» Your goal
Where "first" occurs in a line of the entries below, copy that line.

(Extracted data entries)

- - - -

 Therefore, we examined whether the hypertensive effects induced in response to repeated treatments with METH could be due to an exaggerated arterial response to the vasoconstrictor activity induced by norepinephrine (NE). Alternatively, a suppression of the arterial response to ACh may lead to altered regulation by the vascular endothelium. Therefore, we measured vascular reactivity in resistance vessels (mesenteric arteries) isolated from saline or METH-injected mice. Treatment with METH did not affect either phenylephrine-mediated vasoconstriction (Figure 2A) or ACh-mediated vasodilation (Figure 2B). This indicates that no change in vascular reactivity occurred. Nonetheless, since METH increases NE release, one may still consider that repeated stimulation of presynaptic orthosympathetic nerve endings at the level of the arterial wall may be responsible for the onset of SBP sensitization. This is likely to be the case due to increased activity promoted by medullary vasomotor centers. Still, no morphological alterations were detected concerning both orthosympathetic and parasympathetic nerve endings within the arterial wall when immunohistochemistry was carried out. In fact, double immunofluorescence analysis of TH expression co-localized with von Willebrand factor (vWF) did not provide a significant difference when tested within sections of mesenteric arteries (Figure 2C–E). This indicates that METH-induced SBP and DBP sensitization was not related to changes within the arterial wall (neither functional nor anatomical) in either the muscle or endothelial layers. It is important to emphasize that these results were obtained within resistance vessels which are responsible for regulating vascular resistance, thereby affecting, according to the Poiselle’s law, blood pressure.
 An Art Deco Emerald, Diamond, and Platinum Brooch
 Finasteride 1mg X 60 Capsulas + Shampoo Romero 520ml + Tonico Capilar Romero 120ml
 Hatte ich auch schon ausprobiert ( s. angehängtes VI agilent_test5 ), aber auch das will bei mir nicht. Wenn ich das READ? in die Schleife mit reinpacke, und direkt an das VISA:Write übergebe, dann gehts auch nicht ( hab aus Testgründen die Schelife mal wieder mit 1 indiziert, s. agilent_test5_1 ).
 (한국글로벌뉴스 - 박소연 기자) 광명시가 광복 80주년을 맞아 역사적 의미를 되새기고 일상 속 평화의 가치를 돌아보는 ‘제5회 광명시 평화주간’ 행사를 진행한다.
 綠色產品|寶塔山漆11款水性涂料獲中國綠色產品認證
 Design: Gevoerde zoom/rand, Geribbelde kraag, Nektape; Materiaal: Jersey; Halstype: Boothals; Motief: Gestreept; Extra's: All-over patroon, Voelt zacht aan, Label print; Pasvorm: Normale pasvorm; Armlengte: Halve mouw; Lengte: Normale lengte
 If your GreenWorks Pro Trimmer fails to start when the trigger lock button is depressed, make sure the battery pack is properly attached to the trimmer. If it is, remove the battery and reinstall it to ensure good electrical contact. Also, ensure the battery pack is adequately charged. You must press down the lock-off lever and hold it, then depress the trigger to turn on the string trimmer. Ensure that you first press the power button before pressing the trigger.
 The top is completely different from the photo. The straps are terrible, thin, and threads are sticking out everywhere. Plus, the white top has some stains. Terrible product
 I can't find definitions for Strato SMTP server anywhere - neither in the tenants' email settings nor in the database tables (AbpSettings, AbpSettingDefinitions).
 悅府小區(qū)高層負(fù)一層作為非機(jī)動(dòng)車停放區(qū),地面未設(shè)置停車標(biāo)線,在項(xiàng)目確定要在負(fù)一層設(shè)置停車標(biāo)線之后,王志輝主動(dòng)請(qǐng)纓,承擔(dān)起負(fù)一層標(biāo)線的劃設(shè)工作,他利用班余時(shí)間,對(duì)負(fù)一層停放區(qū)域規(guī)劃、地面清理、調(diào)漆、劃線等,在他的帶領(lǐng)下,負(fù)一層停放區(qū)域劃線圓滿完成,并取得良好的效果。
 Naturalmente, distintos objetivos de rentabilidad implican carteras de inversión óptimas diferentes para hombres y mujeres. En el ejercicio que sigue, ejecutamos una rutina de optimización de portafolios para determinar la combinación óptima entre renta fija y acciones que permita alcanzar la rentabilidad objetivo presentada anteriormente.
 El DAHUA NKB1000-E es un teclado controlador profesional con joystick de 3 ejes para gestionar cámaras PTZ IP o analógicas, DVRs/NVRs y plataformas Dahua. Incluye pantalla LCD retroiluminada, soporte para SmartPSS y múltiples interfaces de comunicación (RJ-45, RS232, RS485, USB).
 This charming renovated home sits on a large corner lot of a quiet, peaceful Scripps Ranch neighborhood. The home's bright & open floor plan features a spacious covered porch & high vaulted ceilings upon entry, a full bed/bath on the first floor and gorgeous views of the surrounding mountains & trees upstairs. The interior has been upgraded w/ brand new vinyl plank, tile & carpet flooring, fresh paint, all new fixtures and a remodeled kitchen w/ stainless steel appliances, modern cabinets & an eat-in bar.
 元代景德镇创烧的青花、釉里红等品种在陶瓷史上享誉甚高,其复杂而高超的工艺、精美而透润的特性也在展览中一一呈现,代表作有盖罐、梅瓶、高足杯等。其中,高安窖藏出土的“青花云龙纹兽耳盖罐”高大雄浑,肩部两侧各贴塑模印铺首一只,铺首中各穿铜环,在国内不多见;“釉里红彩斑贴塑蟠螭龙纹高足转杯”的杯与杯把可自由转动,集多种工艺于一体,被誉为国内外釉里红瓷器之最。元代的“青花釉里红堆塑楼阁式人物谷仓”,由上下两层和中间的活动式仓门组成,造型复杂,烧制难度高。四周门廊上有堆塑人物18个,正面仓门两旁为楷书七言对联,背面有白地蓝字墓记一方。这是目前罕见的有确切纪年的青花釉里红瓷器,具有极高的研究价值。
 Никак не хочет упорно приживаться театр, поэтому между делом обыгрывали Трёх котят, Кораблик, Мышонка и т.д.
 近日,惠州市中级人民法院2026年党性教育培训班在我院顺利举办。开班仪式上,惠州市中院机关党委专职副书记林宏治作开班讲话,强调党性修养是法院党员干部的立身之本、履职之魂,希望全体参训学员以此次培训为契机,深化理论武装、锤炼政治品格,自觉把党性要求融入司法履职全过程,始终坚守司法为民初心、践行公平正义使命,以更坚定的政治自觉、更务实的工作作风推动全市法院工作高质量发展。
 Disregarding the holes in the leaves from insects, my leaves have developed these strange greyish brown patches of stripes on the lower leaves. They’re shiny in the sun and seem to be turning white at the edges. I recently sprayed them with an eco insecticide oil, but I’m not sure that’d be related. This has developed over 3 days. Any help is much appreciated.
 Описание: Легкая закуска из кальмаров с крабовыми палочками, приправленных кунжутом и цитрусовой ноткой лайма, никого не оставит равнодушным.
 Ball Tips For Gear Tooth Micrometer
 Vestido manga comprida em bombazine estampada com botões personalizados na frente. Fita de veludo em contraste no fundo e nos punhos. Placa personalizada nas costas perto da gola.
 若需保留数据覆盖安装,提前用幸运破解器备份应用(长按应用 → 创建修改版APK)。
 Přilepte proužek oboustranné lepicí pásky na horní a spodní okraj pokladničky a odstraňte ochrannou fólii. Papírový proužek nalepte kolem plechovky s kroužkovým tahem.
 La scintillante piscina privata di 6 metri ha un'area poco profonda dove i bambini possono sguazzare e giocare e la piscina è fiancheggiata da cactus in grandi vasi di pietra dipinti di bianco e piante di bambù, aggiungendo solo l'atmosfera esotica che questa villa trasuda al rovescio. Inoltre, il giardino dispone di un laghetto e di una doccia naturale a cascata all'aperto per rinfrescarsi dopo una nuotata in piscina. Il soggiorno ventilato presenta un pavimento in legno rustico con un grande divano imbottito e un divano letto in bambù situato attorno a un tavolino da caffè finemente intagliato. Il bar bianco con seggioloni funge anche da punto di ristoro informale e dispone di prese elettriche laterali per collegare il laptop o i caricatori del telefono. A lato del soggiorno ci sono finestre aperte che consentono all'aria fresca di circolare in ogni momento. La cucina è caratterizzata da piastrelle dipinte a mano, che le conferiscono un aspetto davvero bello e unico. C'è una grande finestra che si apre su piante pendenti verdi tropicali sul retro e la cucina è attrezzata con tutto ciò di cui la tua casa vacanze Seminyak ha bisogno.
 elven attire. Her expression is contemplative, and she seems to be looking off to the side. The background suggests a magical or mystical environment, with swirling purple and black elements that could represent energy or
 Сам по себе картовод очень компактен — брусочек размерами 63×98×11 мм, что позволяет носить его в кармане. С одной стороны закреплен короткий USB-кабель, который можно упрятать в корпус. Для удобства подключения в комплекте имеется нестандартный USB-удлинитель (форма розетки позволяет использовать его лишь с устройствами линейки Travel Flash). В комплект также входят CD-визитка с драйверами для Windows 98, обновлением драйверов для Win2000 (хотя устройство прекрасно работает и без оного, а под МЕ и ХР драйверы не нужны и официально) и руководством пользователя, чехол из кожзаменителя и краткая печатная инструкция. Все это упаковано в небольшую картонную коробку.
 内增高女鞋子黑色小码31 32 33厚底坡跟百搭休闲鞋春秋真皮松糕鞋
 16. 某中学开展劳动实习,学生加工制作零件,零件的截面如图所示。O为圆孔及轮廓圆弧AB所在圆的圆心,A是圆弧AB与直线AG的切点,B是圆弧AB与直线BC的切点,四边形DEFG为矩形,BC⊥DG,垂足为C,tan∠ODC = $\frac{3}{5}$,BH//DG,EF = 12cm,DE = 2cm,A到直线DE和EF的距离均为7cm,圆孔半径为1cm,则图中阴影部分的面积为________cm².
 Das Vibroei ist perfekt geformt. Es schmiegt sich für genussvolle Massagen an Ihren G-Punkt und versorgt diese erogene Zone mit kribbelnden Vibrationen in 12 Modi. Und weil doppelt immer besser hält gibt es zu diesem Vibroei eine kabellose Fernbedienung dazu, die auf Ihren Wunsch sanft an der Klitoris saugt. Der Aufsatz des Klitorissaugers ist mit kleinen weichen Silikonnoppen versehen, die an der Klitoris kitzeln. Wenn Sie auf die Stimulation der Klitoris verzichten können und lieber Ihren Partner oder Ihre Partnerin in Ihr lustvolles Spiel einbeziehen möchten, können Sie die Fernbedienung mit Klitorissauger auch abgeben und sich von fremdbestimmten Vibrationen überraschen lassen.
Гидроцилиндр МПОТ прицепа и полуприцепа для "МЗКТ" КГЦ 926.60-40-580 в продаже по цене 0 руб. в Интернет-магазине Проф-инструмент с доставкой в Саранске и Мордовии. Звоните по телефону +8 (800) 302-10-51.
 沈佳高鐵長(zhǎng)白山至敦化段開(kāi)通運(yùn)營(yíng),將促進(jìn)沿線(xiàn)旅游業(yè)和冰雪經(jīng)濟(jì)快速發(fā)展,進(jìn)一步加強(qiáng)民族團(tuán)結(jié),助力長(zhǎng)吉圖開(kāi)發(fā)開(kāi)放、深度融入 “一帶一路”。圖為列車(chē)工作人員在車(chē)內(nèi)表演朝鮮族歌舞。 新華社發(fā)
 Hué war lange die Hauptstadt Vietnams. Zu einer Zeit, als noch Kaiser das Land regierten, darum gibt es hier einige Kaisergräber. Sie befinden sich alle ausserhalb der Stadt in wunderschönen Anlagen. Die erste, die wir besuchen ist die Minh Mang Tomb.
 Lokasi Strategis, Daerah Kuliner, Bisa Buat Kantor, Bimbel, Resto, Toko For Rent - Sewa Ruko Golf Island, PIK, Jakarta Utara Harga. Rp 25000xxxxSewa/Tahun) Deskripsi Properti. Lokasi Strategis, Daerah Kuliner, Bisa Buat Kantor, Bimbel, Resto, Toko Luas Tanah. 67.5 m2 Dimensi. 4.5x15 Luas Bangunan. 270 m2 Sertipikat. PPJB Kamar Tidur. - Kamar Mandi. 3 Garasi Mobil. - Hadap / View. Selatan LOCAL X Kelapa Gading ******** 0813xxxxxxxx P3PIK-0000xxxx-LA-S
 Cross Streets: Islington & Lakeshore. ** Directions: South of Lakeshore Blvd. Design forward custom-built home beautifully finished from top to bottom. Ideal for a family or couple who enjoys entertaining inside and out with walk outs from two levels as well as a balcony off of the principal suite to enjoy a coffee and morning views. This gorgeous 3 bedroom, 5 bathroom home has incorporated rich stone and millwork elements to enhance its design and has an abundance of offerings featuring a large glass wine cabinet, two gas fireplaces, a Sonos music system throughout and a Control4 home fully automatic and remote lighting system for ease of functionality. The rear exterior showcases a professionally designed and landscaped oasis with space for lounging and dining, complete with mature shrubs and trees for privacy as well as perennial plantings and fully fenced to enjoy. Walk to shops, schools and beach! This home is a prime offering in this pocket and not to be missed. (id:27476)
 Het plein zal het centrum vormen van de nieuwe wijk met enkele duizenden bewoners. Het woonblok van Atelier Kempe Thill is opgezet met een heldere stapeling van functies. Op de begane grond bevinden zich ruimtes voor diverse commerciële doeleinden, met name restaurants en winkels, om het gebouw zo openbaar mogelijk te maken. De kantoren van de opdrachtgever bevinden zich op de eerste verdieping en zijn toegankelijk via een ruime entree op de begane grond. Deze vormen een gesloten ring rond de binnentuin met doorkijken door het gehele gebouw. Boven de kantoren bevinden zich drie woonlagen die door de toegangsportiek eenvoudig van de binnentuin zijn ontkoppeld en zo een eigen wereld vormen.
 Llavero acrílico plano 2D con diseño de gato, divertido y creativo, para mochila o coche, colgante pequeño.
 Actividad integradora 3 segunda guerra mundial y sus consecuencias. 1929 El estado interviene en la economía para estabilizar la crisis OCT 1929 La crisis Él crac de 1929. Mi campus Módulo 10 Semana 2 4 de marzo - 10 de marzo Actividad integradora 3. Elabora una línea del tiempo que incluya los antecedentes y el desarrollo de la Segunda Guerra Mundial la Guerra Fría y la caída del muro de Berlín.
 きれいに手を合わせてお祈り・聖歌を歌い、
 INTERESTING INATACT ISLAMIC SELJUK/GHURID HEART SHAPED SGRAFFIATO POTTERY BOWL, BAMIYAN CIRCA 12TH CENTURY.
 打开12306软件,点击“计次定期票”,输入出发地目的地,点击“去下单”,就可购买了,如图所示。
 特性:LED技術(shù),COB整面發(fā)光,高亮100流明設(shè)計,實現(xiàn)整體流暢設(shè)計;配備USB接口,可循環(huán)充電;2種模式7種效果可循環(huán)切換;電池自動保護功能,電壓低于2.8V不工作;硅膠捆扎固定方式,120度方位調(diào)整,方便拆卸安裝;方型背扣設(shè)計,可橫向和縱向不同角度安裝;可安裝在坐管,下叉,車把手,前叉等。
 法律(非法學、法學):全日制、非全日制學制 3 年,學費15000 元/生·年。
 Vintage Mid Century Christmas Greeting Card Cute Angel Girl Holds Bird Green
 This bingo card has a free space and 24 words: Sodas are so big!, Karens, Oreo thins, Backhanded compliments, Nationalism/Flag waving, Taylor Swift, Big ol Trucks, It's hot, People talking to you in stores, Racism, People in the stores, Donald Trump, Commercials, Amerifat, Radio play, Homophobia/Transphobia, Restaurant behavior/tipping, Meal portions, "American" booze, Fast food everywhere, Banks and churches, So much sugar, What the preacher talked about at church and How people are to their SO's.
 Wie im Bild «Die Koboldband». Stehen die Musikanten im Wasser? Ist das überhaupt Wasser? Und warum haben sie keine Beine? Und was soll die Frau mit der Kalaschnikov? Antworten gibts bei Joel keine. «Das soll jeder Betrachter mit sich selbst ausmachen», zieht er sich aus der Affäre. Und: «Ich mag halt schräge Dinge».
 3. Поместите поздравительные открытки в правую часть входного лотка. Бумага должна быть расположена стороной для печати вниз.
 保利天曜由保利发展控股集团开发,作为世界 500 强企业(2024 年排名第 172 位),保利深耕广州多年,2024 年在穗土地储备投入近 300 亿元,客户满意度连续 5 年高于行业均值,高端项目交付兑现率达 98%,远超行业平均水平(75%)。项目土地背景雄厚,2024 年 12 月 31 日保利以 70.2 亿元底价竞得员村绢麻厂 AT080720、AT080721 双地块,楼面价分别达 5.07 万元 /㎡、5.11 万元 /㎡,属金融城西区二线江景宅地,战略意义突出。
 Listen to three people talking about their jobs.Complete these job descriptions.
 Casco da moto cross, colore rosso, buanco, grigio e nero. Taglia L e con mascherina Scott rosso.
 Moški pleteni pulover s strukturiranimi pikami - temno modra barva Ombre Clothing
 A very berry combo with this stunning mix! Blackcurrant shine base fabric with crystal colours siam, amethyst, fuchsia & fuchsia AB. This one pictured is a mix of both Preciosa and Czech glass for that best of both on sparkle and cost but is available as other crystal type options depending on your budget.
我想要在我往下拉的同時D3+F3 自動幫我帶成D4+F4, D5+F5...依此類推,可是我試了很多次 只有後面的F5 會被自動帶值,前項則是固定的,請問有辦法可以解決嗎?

- - - -

» Exercise result
 If your GreenWorks Pro Trimmer fails to start when the trigger lock button is depressed, make sure the battery pack is properly attached to the trimmer. If it is, remove the battery and reinstall it to ensure good electrical contact. Also, ensure the battery pack is adequately charged. You must press down the lock-off lever and hold it, then depress the trigger to turn on the string trimmer. Ensure that you first press the power button before pressing the trigger.
 This charming renovated home sits on a large corner lot of a quiet, peaceful Scripps Ranch neighborhood. The home's bright & open floor plan features a spacious covered porch & high vaulted ceilings upon entry, a full bed/bath on the first floor and gorgeous views of the surrounding mountains & trees upstairs. The interior has been upgraded w/ brand new vinyl plank, tile & carpet flooring, fresh paint, all new fixtures and a remodeled kitchen w/ stainless steel appliances, modern cabinets & an eat-in bar.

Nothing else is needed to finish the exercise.